Below are the records; give again exactly the lines from the one containing "依次单击【数据】→【模拟分析】→【单变量求解】。" through the one containing "Candex™ is a", leaving out pictures.

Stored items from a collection
▬▬▬▬▬▬▬▬▬▬

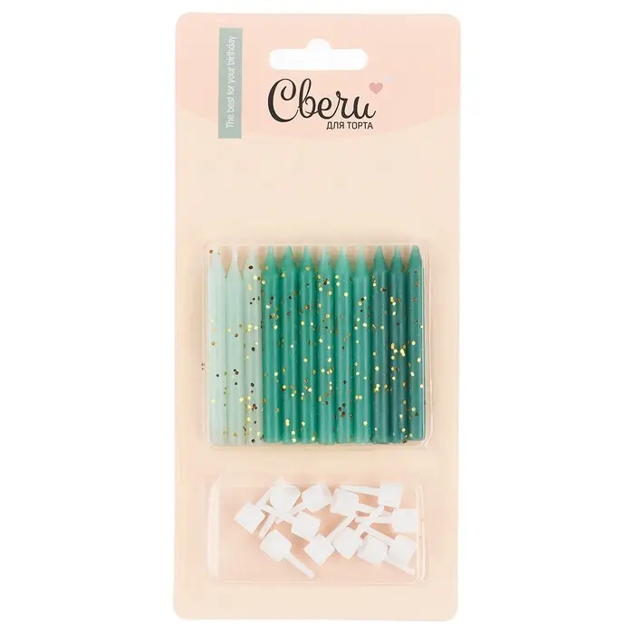 Свечи в торт "Бирюзовый микс", с блестками, 12 шт. 0,5*6 + 1 см
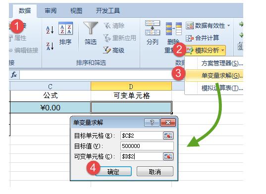 依次单击【数据】→【模拟分析】→【单变量求解】。
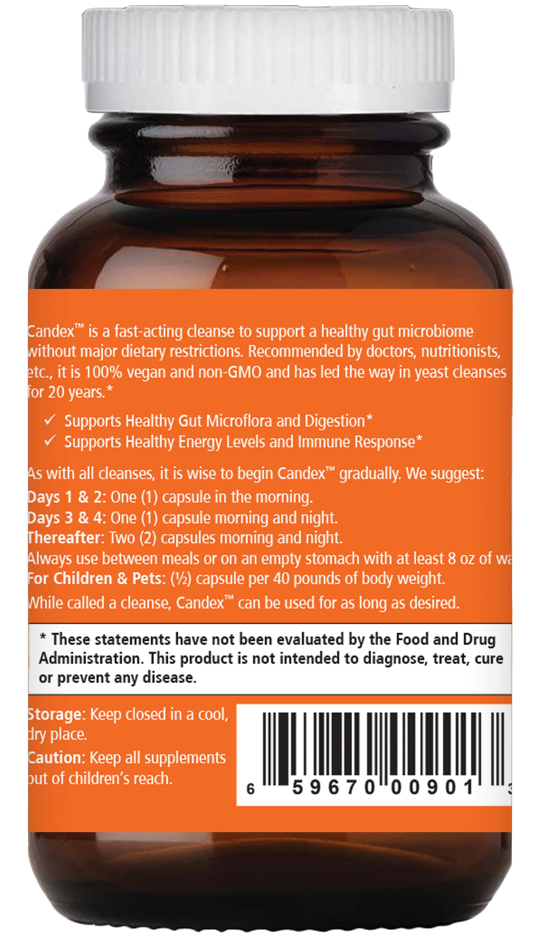 Candex™ is a yeast management supplement clinically proven to be a safe and effective Candida treatment. With this remarkable formula, you will find: beneficial results within 10 days, have little to no 'healing crisis' (from yeast 'die-off'), or dietary restrictions. Candex digests cell walls and biofilm of yeasts and is safe for children and pets.
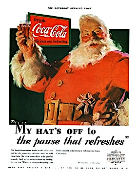 Coca-Cola commissioned illustrator Haddon Sundblom to paint Santa for Christmas adverts. Those paintings established Santa as a warm, happy character with human features, rosy cheeks, a white beard, twinkling eyes and laughter lines.
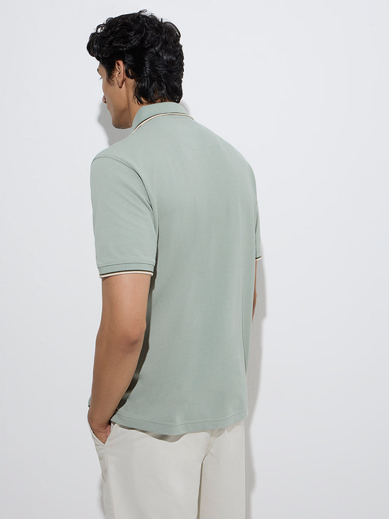 Tailored from a cotton-blend fabric for lightweight comfort. this sage polo t-shirt from WES Casuals features a polo neck collar and half sleeves. The relaxed silhouette ensures ease of movement.

▬▬▬▬▬▬▬▬▬▬

**OUTPUT FOR THIS EXERCISE**.
 依次单击【数据】→【模拟分析】→【单变量求解】。
 Candex™ is a yeast management supplement clinically proven to be a safe and effective Candida treatment. With this remarkable formula, you will find: beneficial results within 10 days, have little to no 'healing crisis' (from yeast 'die-off'), or dietary restrictions. Candex digests cell walls and biofilm of yeasts and is safe for children and pets.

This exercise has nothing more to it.